Huang Hua made the rather risky overland journey to Nanking by train and by truck, bypassing areas still held by Nationalist militia. The first foreigner received by Huang Hua after he was installed in his office in the former Nationalist Foreign Ministry was Chester Ronning. Fluent from childhood in Chinese, Ronning had been asked by the diplomatic corps to represent them, since the Communists were insisting that all business be conducted in Chinese. Ronning was told that the ambassadors would not be entitled to the usual diplomatic privileges and immunities because their governments had no official ties with the Revolutionary Military Commission then ruling in Peking. This was later modified to allow diplomats to communicate by cable in cipher with their governments. Huang Hua, soon after arrival, agreed to meet with me. He was in army uniform rather than in the civilian tunic he had worn in Peking. He greeted me in Chinese but then, becoming less formal, chatted in English and told me that I would be free to carry on my work as a correspondent. After the fall of Shanghai, Huang Hua arranged a visit for me to the port city, where Fred Hampson was still holding the AP fort.

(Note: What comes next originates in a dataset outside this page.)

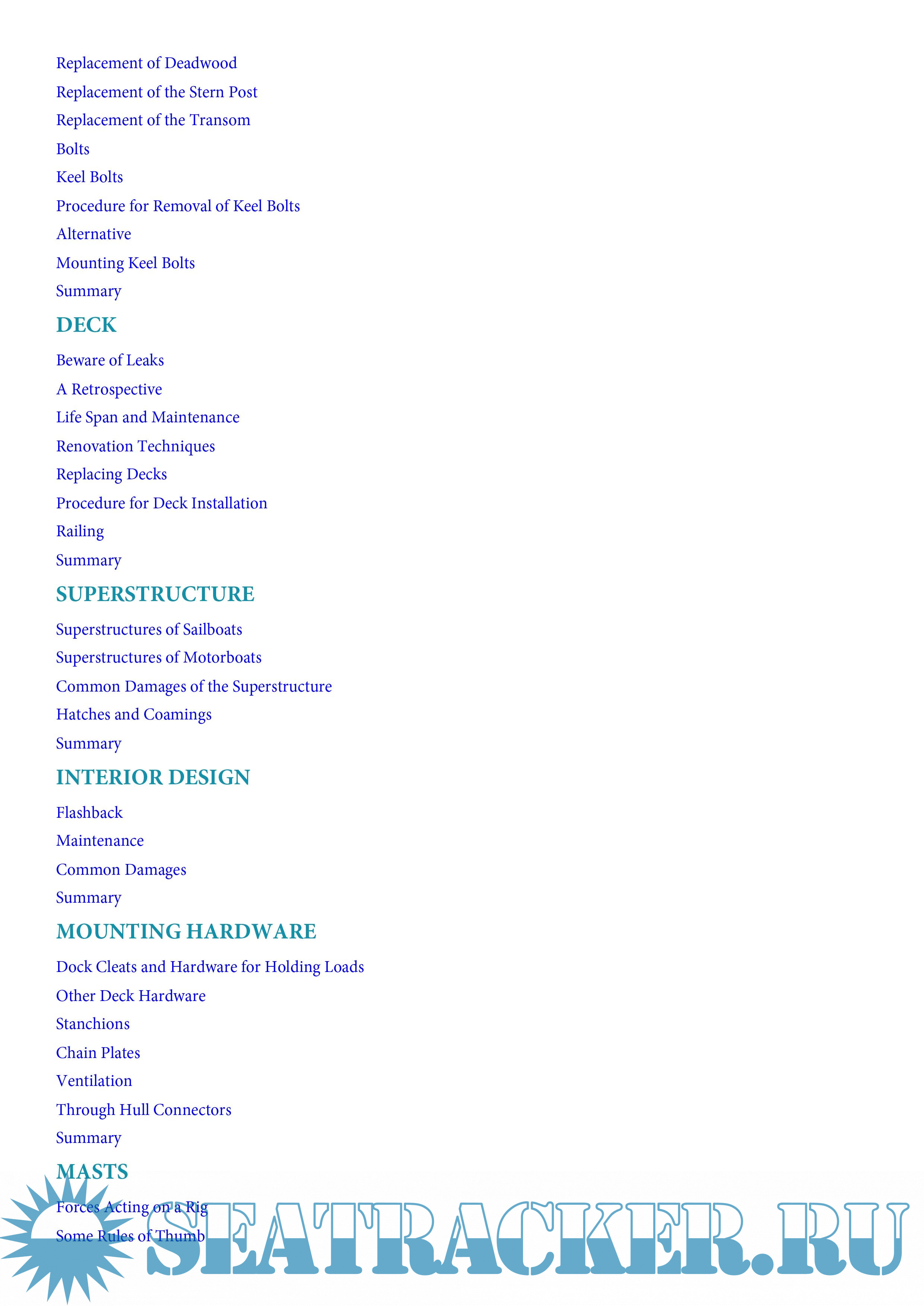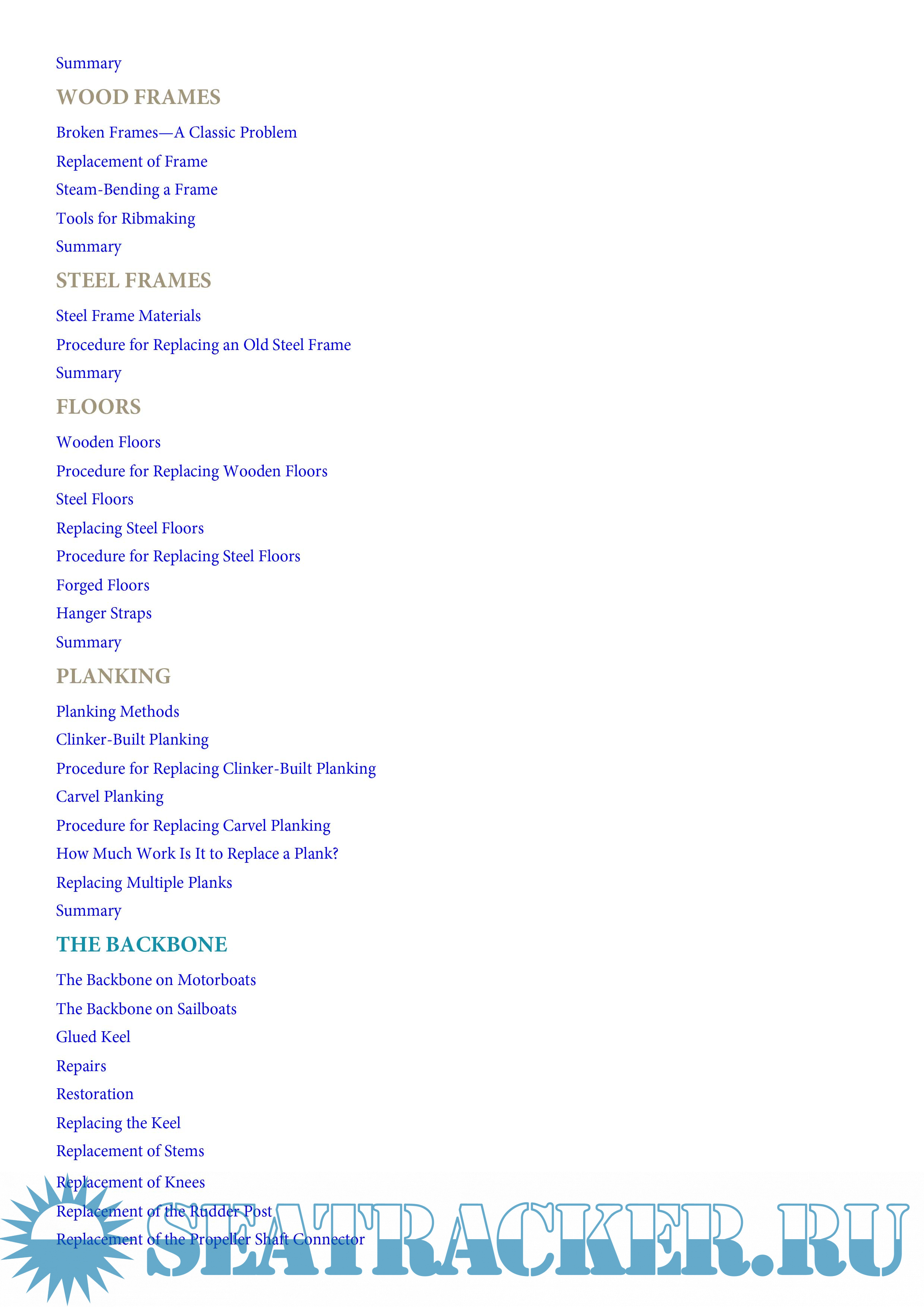 This book contains chapters on boat care, including winter maintenance, racing, finishing, and stripping. You will also find current information on boat building, gluing, and tools. The most extensive part of this book consists of chapters that describe the detailed clean repair of wooden boats”everything from plug-accession and bonding to changing socks and bottom engine installation.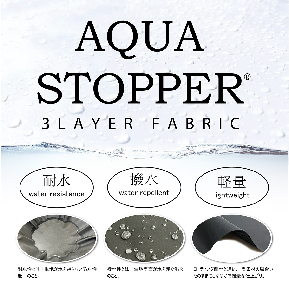 耐水・撥水・軽量素材(AQUA STOPPER/アクアストッパー)

A few days after his arrival, Huang Hua contacted Philip Fugh, the American ambassador’s personal secretary, and arranged to call on Stuart at his residence. Ostensibly, it was to apologize for a minor incident, an intrusion by Communists soldiers who stumbled into the ambassador’s bedroom during the occupation of the city. But Stuart noted in his diary that the meeting with Huang Hua on May 14, which lasted an hour and forty-five minutes, “may be the beginning of better understanding.” Huang Hua raised the question of U.S. recognition of the future Communist government on condition that Washington sever all ties with the Nationalist government. Stuart gave him a hedged reply with no firm assurance. Stuart, accompanied by Fugh, his secretary, paid a return visit to Huang Hua on June 6 at the Foreign Ministry, where arrangements were made for the ambassador to visit Shanghai for a Yenching student reunion. Two days later, Fugh telephoned Huang Hua to ask if the ambassador could visit Peking in keeping with his past custom of celebrating his June 24 birthday at Yenching University. Fugh said the visit might afford an opportunity for a meeting with Zhou Enlai. Huang Hua, indicating that Stuart would likely be welcome, referred the request to Peking, and the ambassador informed the State Department of the proposed visit. Hu
ang Hua’s message to Peking inspired a sequence of intricate political maneuvers. Lu Zhiwei, chancellor of Yenching, was asked, presumably by Zhou Enlai, to write a letter to Stuart inviting him to Peking. On June 28, Stuart received a puzzling letter from the chancellor which already assumed that he would be making the trip. After a telegraphic exchange with Peking to confirm the contents of the Lu message, Huang Hua visited Stuart to tell him that Mao and Zhou would welcome him heartily.